In reading information from memory cell Mij+1 adjacent to memory cell Mij, control signals S and S* are switched to set virtual ground line GLj+1 to the ground level, and the same operations as described above are performed.
Data can be read out from memory cells Mij and Mij+1 in accordance with selection of word line WLi and switching operations of control signals S and S*. These operations are repeated to arbitrarily and continuously read out the program information stored in the memory cells.
The above description has exemplified a binary memory in which information stored in memory cells is binary data. The principle of operation is basically kept unchanged even in multi-value memories.
The nonvolatile memory device having the arrangement shown in FIG. 5 has the following problems.

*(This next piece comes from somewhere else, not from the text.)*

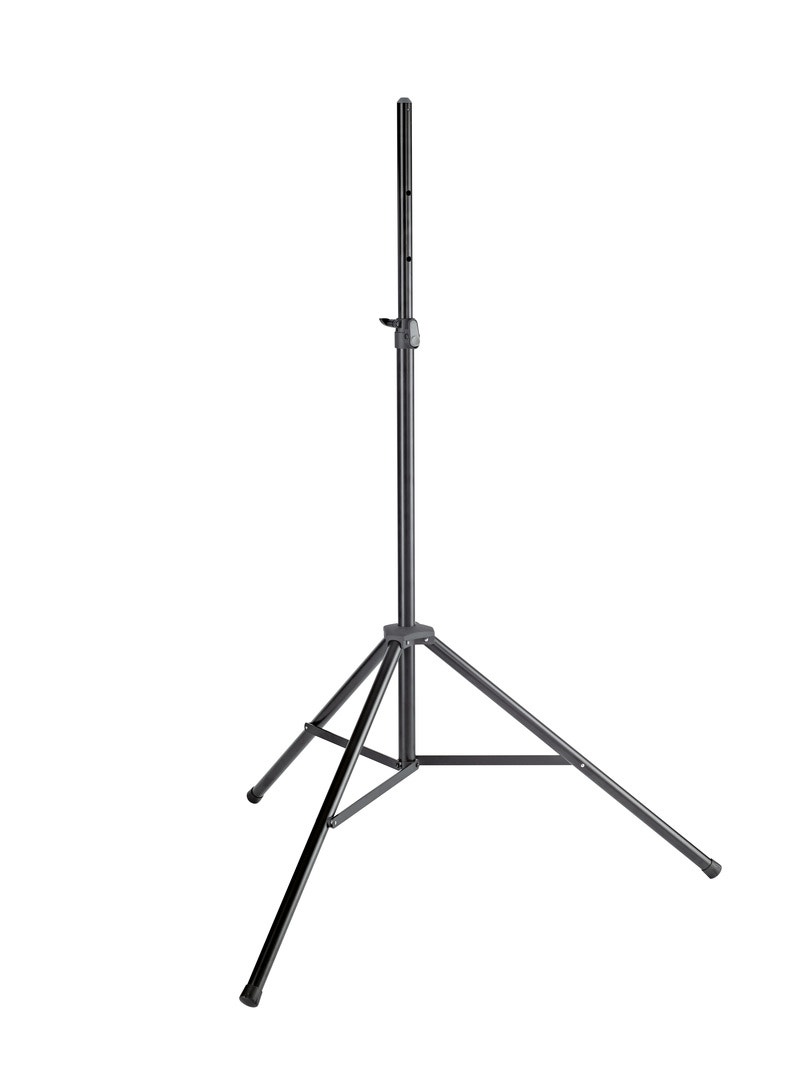 XL-versjonen blant høyttalerstativer. Solid og stabil, helt laget av aluminiumrør. Støttende base-rør med diameter på 35 mm og store gummierte endekapper sikrer et stabilt og sikkert stativ. I sammenligning med et «vanlig» høyttalerstativ er rotasjonskretset mye større og utgjør bemerkelsesverdige 1 558 mm. Maks høyde er 2 500 mm og gir dermed allsidige bruksalternativer. Klemmen utstyrt med det patenterte push-button systemet gjør det mulig med en brukervennlig høydejustering av stativet. Klemmutteren gir ekstra stabilitet og vibrasjonsfri holdning av høyttaleren. Ytterligere spesialfunksjoner er uttrekkbar beskyttelse for forlengerøret, den integrerte støtdemperen og en monteringshjelp for høyttalerhuset. Stativet er sammenleggbart for enkel transport. Stativet kan omgjøres til et lysestativ med passende tilbehør.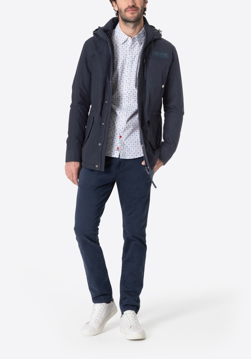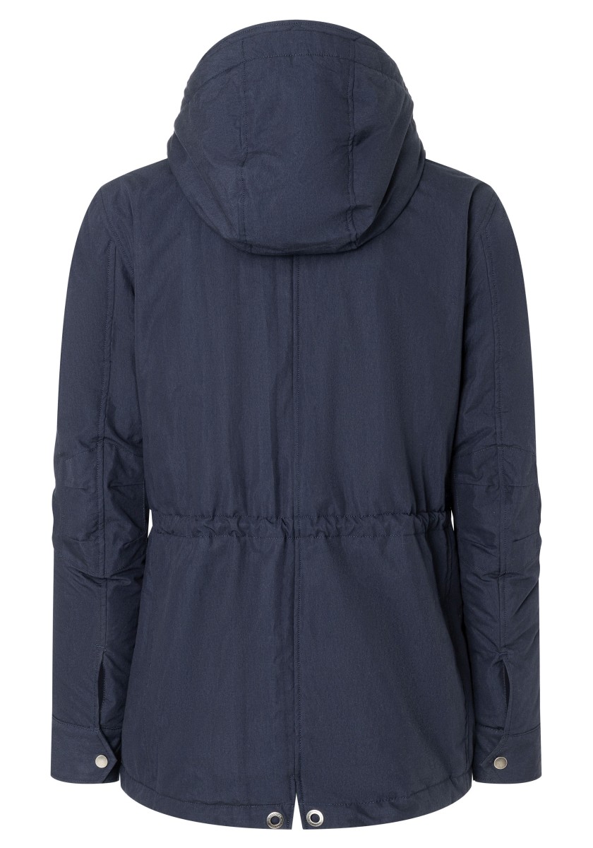 Perfect protection against cold and bad weather: Park made of high quality, water-repellent cotton-ninelon functional fabric. The park has a removable adjustable hood with a short peak, five practical outer and two other inner pockets, as well as a shaped sleeve cut with patches and cuffs. The lined and cotton jacket is fastened on a hidden and supported zipper with a fly on the press studs. The drawstring at the waist regulates the width.

(1) In reading out storage information from memory cell Mij, equivalent parallel capacitances C1 and C2 are generated in common potential lines 29 and 30 in accordance with the substrate-wiring parasitic capacitance of one virtual ground line GLj, the diffusion capacitances of switching elements Sg1, Sg2, S1, S2, S*1, and S*2, and the parasitic capacitances of common potential lines 29 and 30 themselves. In reading out memory information upon switching common potential lines 29 and 30 from the bias level to the ground level, and vice versa, it takes time to charge or discharge common potential lines 29 and 30 (equivalent capacitances C1 and C2). For this reason, bias charging to virtual ground line 23 (GLj . . . ) is delayed, and hence high-speed data read access to the memory device is impaired. In addition, equivalent capacitances C1 and C2 are charged/discharged every time information is read out. The power consumption of the memory device is increased by a current component caused by this charge/discharge operation. PA0 (2) Sense amplifier 28 is generally of a current detection type and normally includes a feedback circuit system. In this case, bias voltage source 20* is arranged by a feedback circuit system similar to that of sense amplifier 28. When such a feedback circuit system is included, overshooting or ringing may occur in the potential change of the common potential line due to the presence of equivalent capacitances C1 and C2 and the wiring inductance of the signal lines during abrupt charging of virtual ground line 23 to the bias level by bias voltage source 20*. When this overshooting or ringing has occurred, the potential of the common potential line is not converged to a desired bias level, but varies to interfere with the operational stability of the nonvolatile memory device. It also takes a long period of time to stabilize the bias level (or to eliminate overshooting or ringing). As a result, high-speed data read access is impaired. PA0 (3) Bias voltage source 20* in FIG. 5 requires to rapidly charge common potential line 29 or 30. For this reason, the internal circuit scale (i.e., a circuit area in an IC chip) is large and complicated, resulting in an increase in power consumption.
In particular, problems associated with the parasitic capacitances (C1 and C2) and the electrical characteristics of the feedback circuit system also vary depending on the manufacturing process of nonvolatile memory devices. Therefore, these problems are significant in view of product yields, manufacturing costs, and quality.